Facebook, a world-renowned social networking site, has more than 300 million active users, of which about 30 million users update their status at least once a day; users upload a total of more than 1 billion photos and 10 million videos a month; Week to share 1 billion content, including journals, links, news, Weibo and so on. So Facebook need to store and process the amount of data is huge, every day new 4TB compressed data, scanning 135TB size data, perform Hive tasks on the cluster more than 7500 times, 80,000 calculations per hour, so high Performance cloud platform is very important for Facebook, and Facebook mainly Hadoop platform for log processing, recommendation system and data warehouse and so on.
Facebook stores data on a data warehouse built using Hadoop / Hive, which has 4800 cores, 5.5 petabytes of storage, 12 terabytes of data per node, two layers of network topology, As shown in Figure 3-5. MapReduce clusters in Facebook are dynamic and dynamically move based on load conditions and configuration information between cluster nodes.
(Click to enlarge) Figure 3-5 Cluster network topology
Figure 3-6 shows the Facebook data warehouse architecture in which web servers and internal services generate log data.
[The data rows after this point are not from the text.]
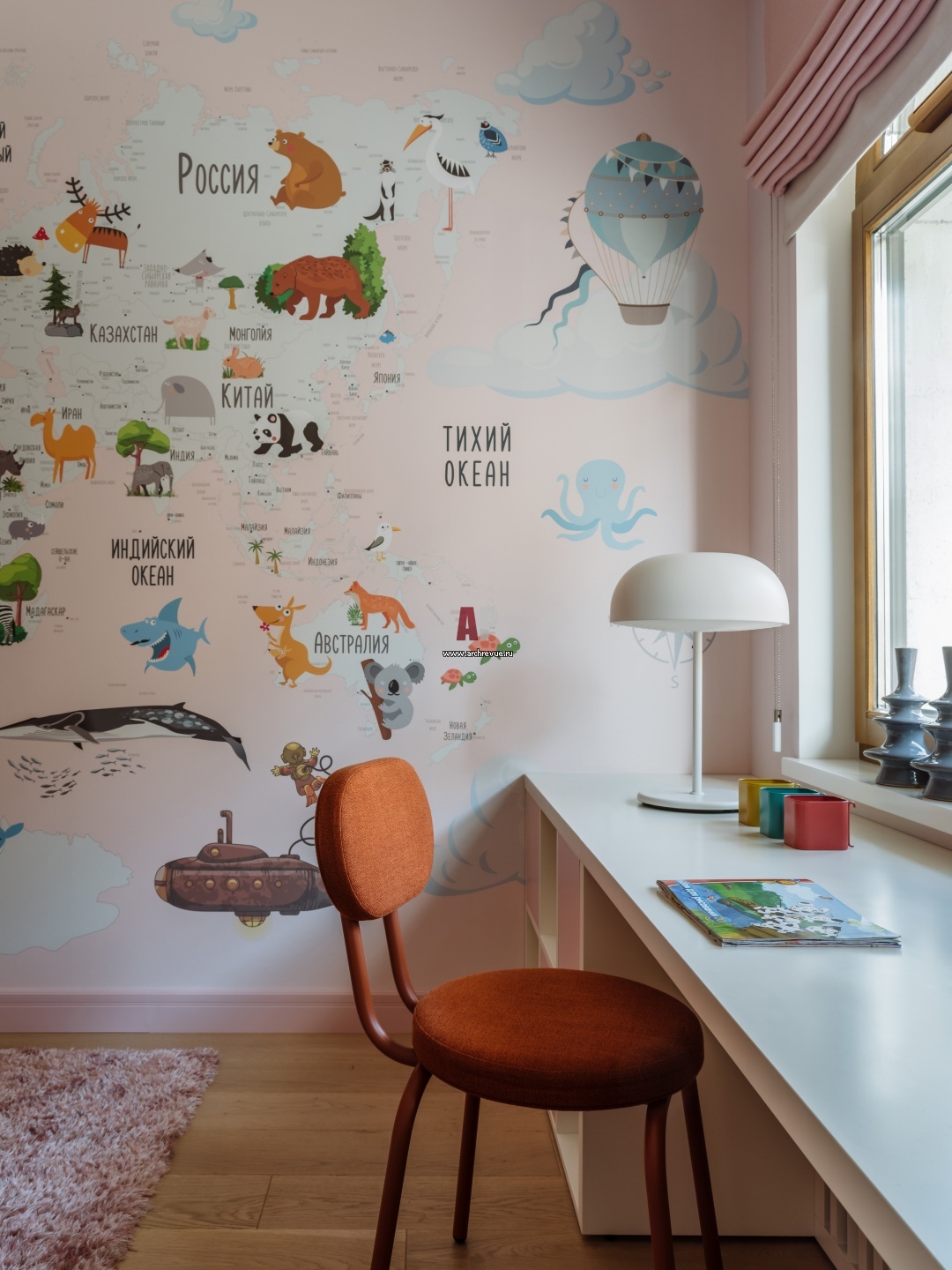 Интерьер детской. Интерактивные обои с изображением географической карты мира, Ko'Za Home.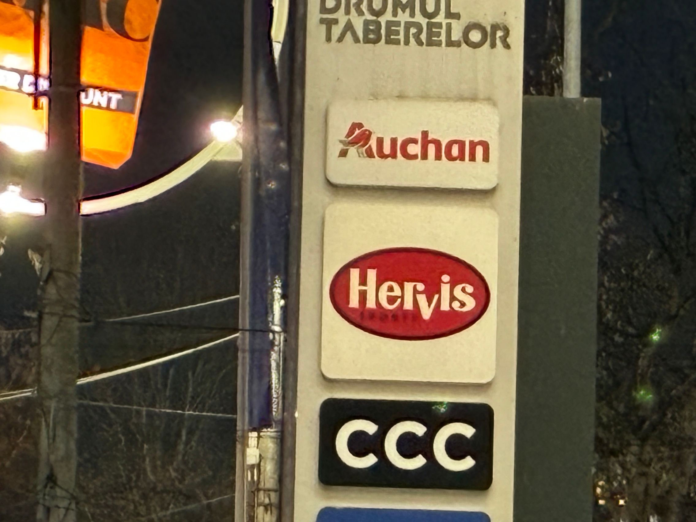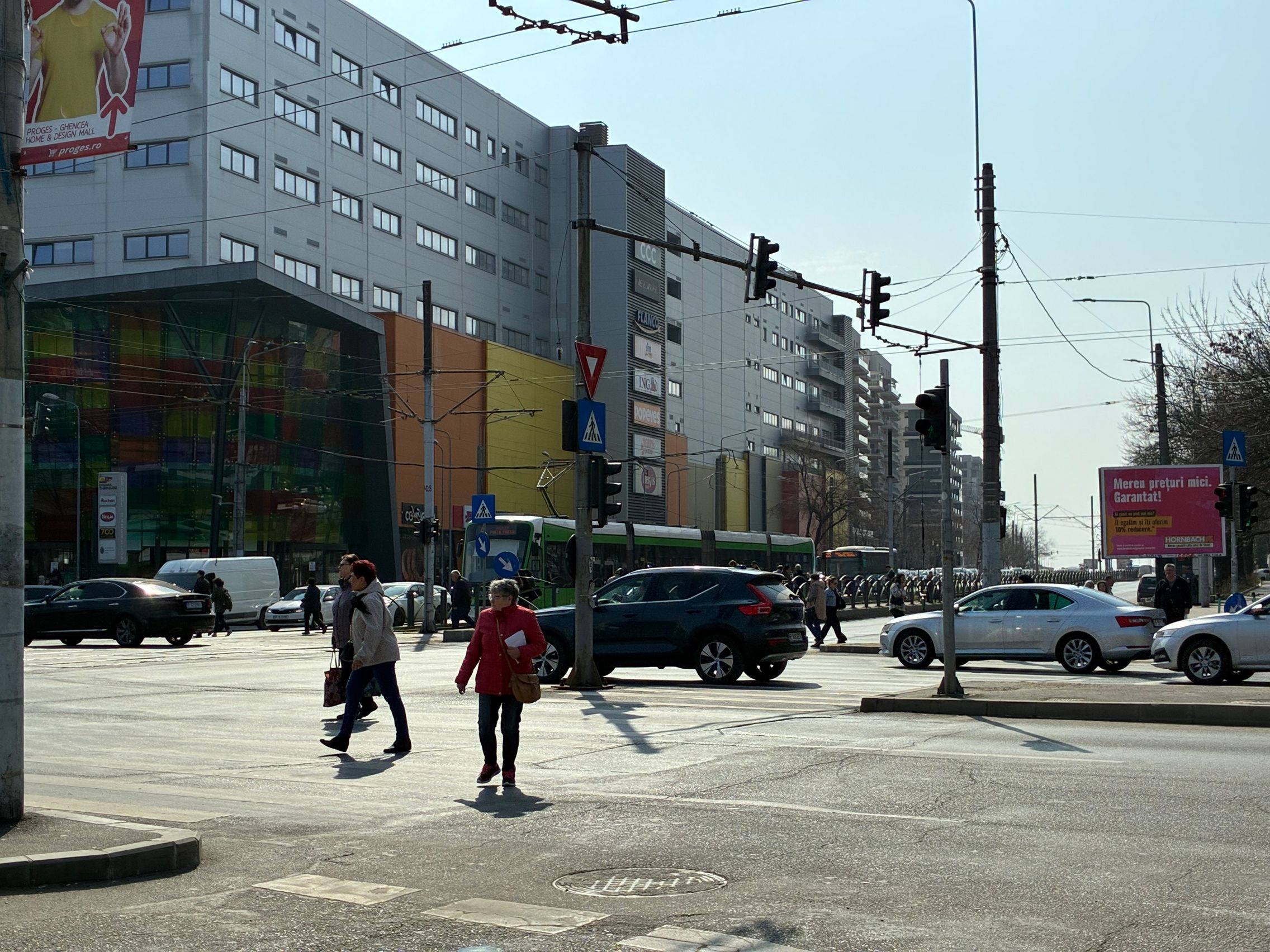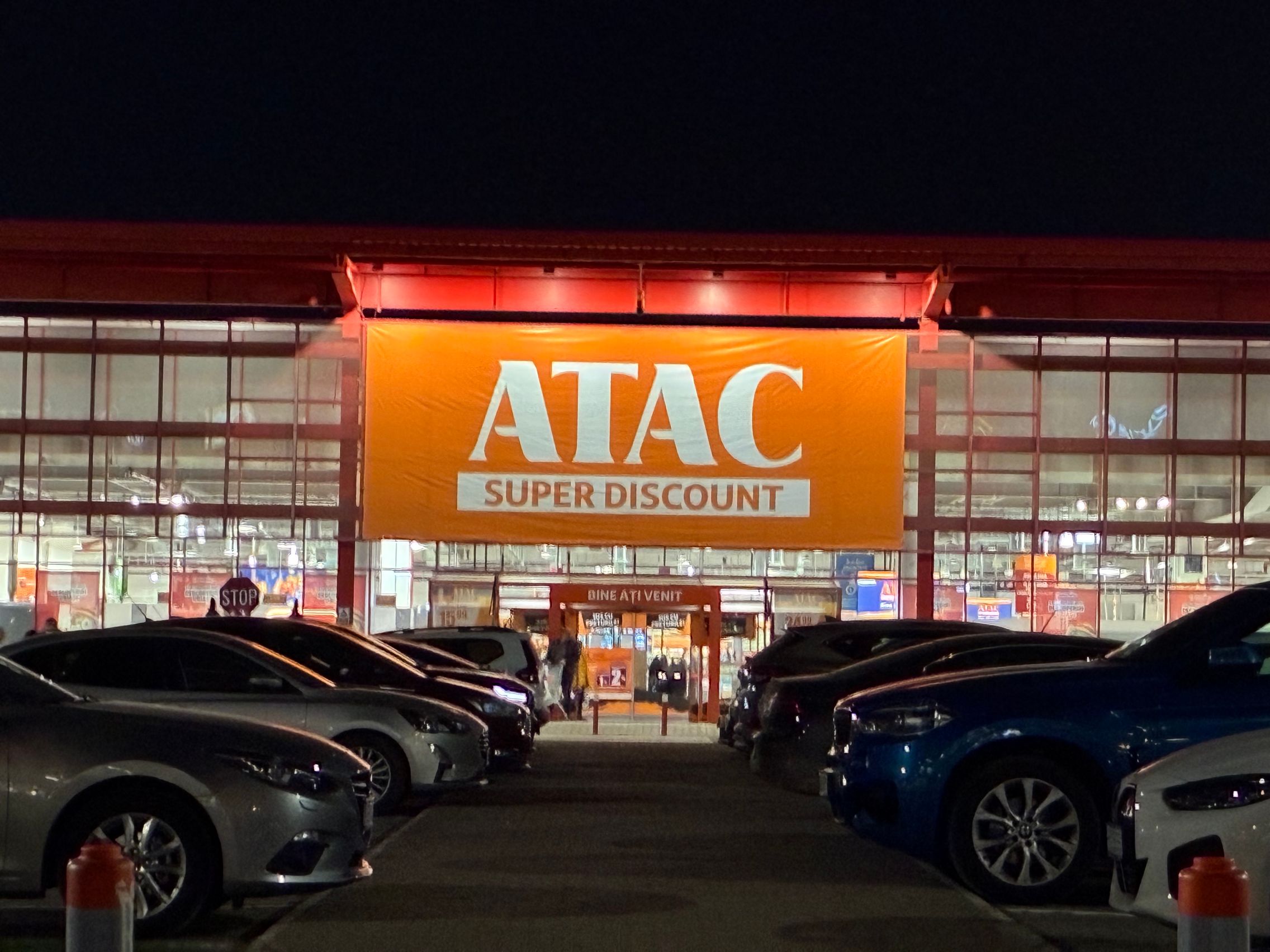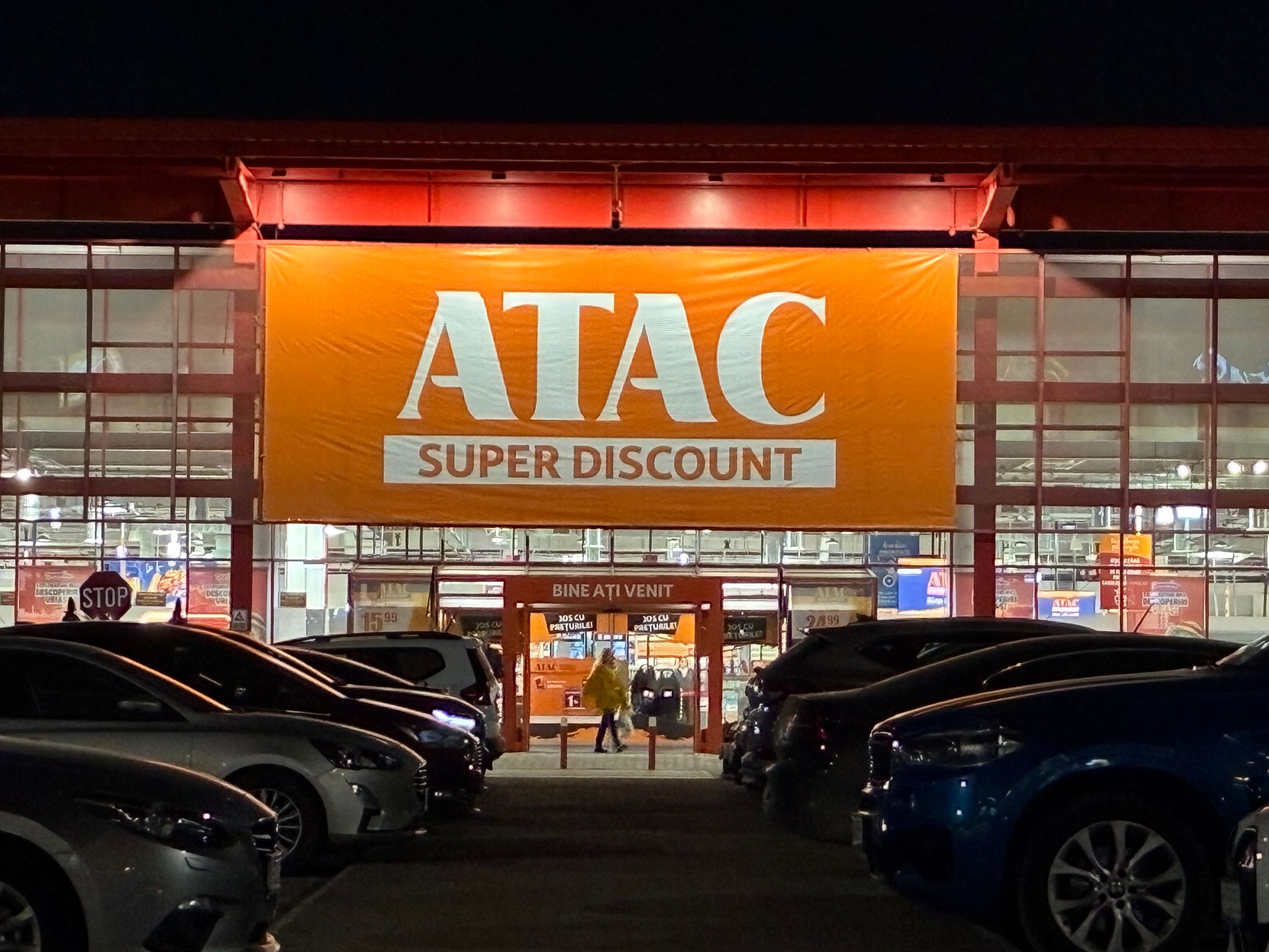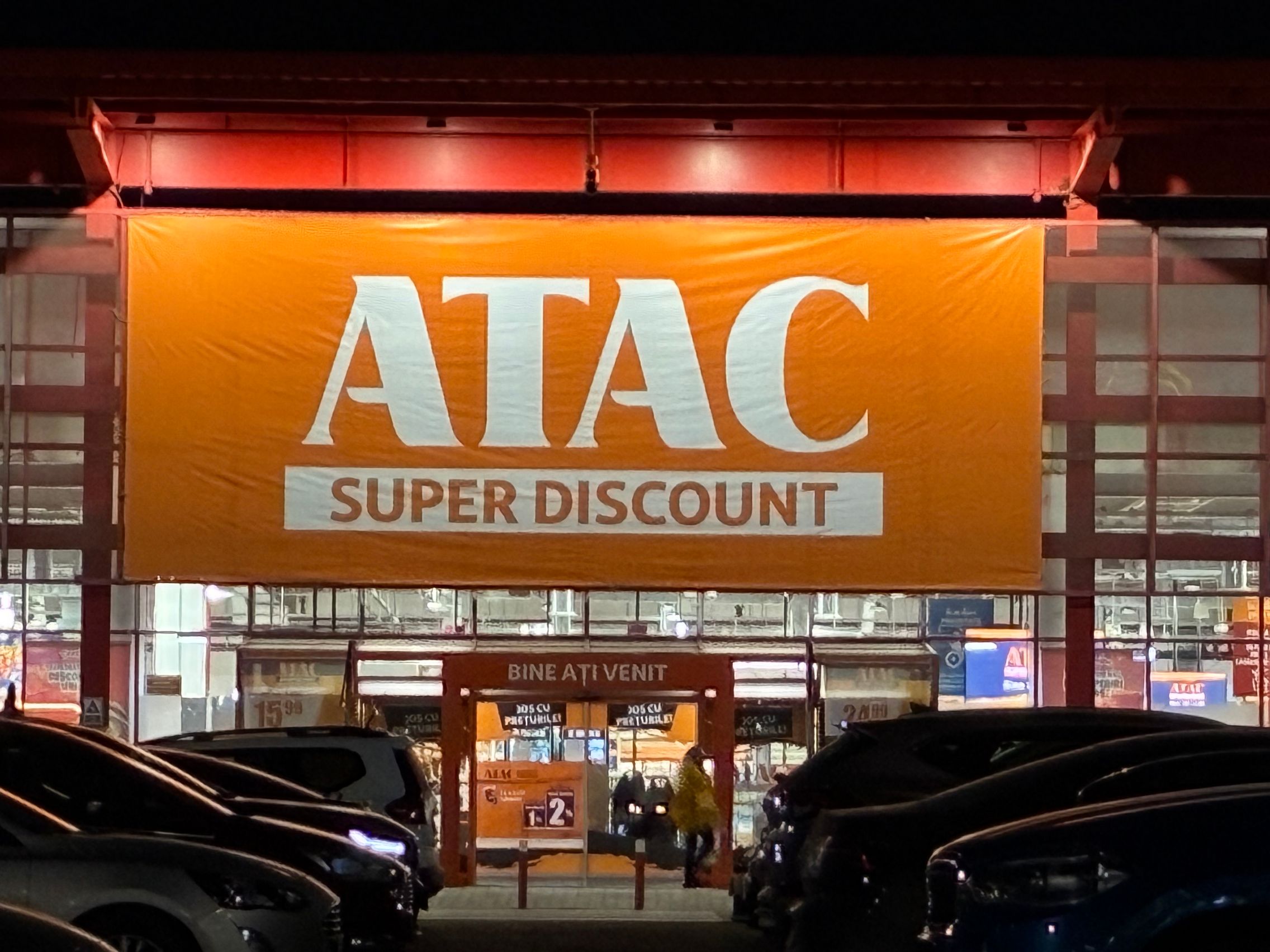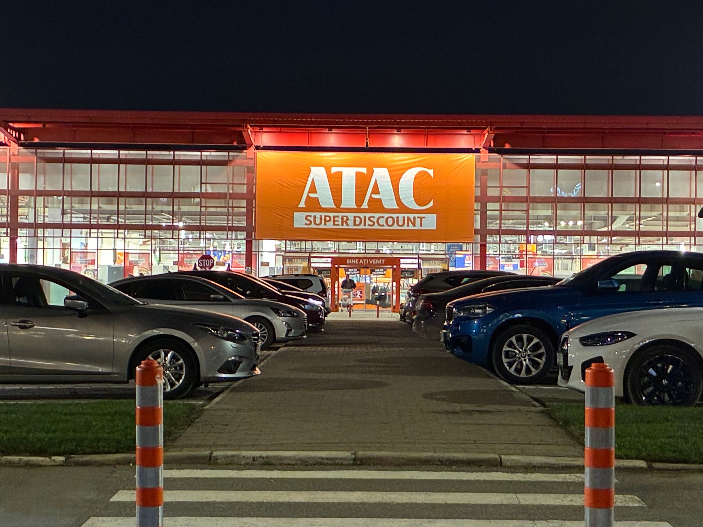 Fațada de sticlă de la Auchan multicoloră îmi place mult iar dacă tot vorbeam de zoom nocturn, parcă la cadrele pe magazinul Atac camera face o impresie mai bună decât la început. Posterele stradale arată savuros, la fel și tramvaiul cu mesaje motivaționale. Sunt bine reprezentate și siglele luminoase de la magazine, mai ales Ciorbe și Plăcinte cu acel roșu vibrant.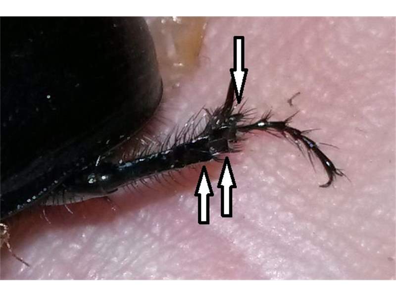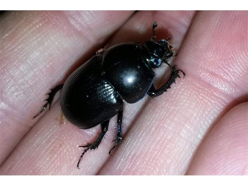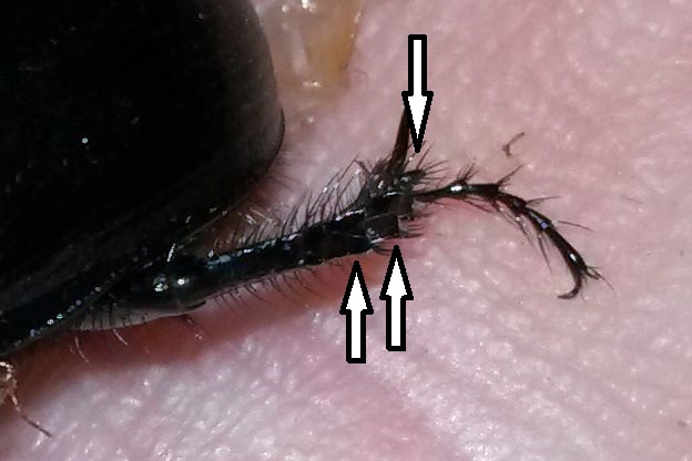 Geotrupes spiniger auf der Außenseite zusätzlich zur Hinterkante mit zwei vollständigen Querleisten. Flügeldecken wie bei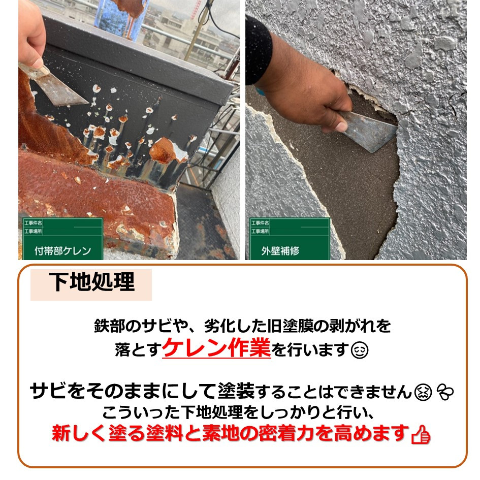 鉄部のサビや、劣化した旧塗膜の剥がれを落とす作業のことを指します!

Here Facebook uses an open source logging system that stores hundreds of log data sets on an NFS server, However, most of the log data is copied to the same hub HDFS instance, and the HDFS stored data is placed in a data warehouse built with Hive. Hive provides a SQL-like language to integrate with MapReduce, create and publish multiple summaries and reports, and conduct historical analysis on top of them. Hive's browser-based interface allows users to perform Hive queries. Oracle and MySQL databases are used to publish these summaries, which are relatively small in size but are frequently queried and require real-time responses. Some old data needs to be archived in time and stored on less expensive memory, as shown in Figure 3-7.
(Click to enlarge) Figure 3-6 Facebook data warehouse architecture
Here are some of Facebook's work on AvatarNode and scheduling policies. AvatarNode is mainly used for the recovery and startup of HDFS. If HDFS crashes, the original technology recovery first takes 10-15 minutes to read and write 12GB file image, and processes data from 2000 DataNodes in 20-30 minutes Block report, and finally use 40 to 60 minutes to restore the collapsed NameNode and deploy the software. Table 3-1 illustrates the difference between BackupNode and AvatarNode, AvatarNode starts as a normal NameNode and handles all messages from DataNode. AvatarDataNode, like DataNode, supports multi-threading and multi-queuing for multiple primary nodes, but can not distinguish between raw and backup. Manual recovery Using the AvatarShell command-line tool, AvatarShell performs a recovery operation and updates ZooKeeper's zNodes, the recovery process being transparent to the user. The distributed Avatar file system is implemented on top of the existing file system.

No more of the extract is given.